= Nkoro tribe =

Ethnic group, Nigeria

The Nkoro tribe' of the Ijaw people lives in southeastern Rivers State, Nigeria. Nkoro settlements include: Nkoro, Ayama, Dema, The cultural traditions have been influenced by its proximity to the Andoni, the Bonny. The Nkoro dialect is a dialect of the Ijaw language.

One section of Nkoro town, Afakani, speaks an entirely different dialect from the rest of the clan. The clan sometimes refers to itself as Kala-Kirika ("Little Okrika"), reflecting the widely held belief that the clan was established by migrants from Okrika. Historically, the Nkoro waged war with the Ogoni. Eventually, a truce was negotiated and a market was established at Inyaba where the Nkoro could exchange fish for Ogoni farm goods. Wars were also fought against the Bonny and Andoni tribes.
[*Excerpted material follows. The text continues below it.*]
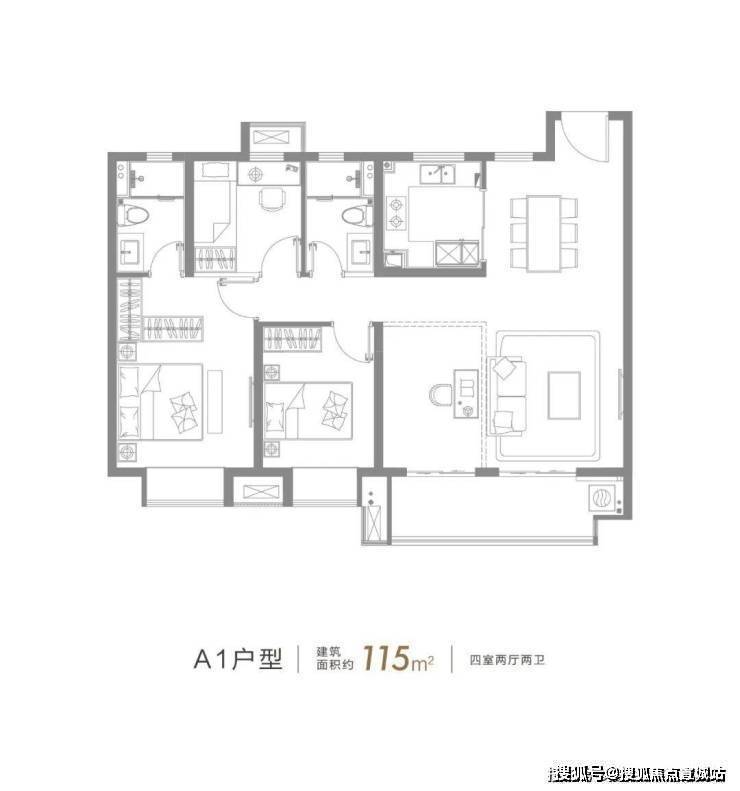 建面约115㎡的4房2厅2卫户型,超大面宽南向阳台、整体南北通透、主卧套房的设计,这个户型实现了多数人对于未来生活的期待。

Nkoro clan also exist in Eniong Abatim in Odukpani Local Government Area of Cross River State. As one of the four groups that made up Eniong Abatim Efik Eburutu, the other three being Babom, Beme and Bukong.
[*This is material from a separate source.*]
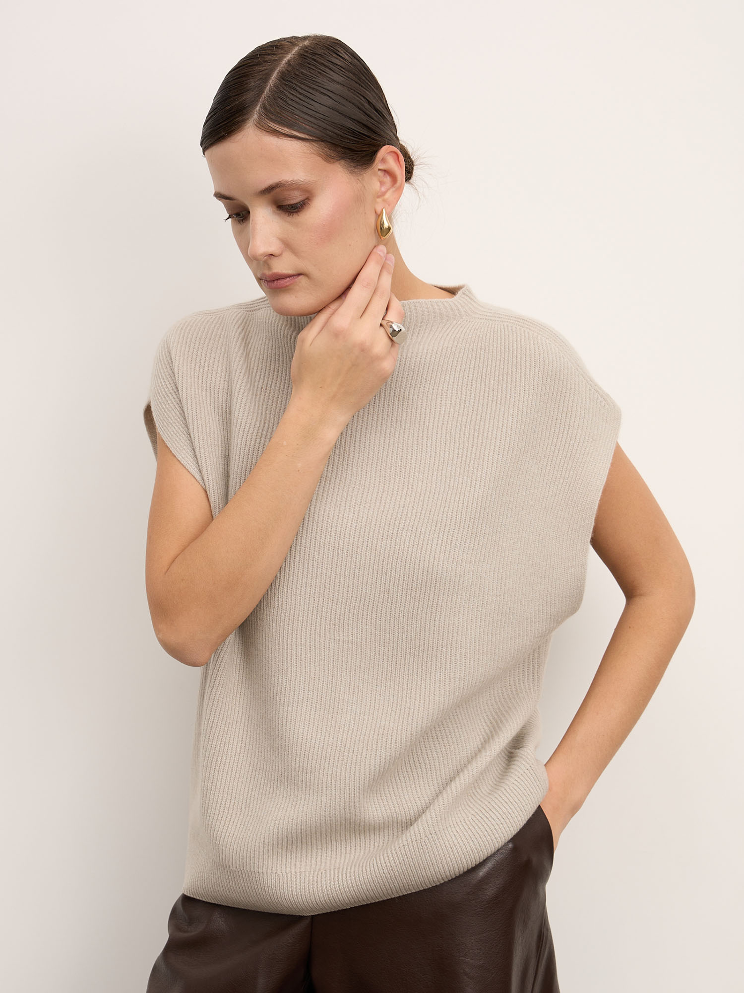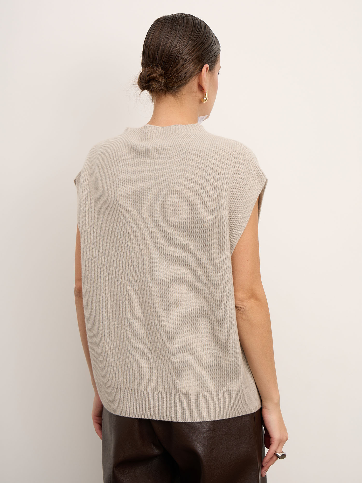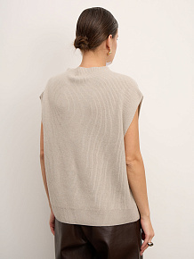 Модель выполнена без рукавов с аккуратным воротником-стойкой и гладкой вязкой. Минималистичный крой подчёркивает благородную текстуру материала и создаёт современный силуэт. Низ изделия оформлен эластичной вязкой, что помогает сохранять форму.

==Nkoro as a person name==
Also the word "Nkoro" is being used as a name and found among the Nta-Nsle Clan Community in Ikom L.G.A in the Northern part of the Cross River State of Nigeria. The name "Nkoro" literally means "strong or strength' 'i.e. someone to be strong or having strength in doing something". But adding the suffix "Nkoro-isi" means literally "strong Head", the 'isi' there means 'head' which ordinarily means "stubborn-head' or someone who is 'stubborn".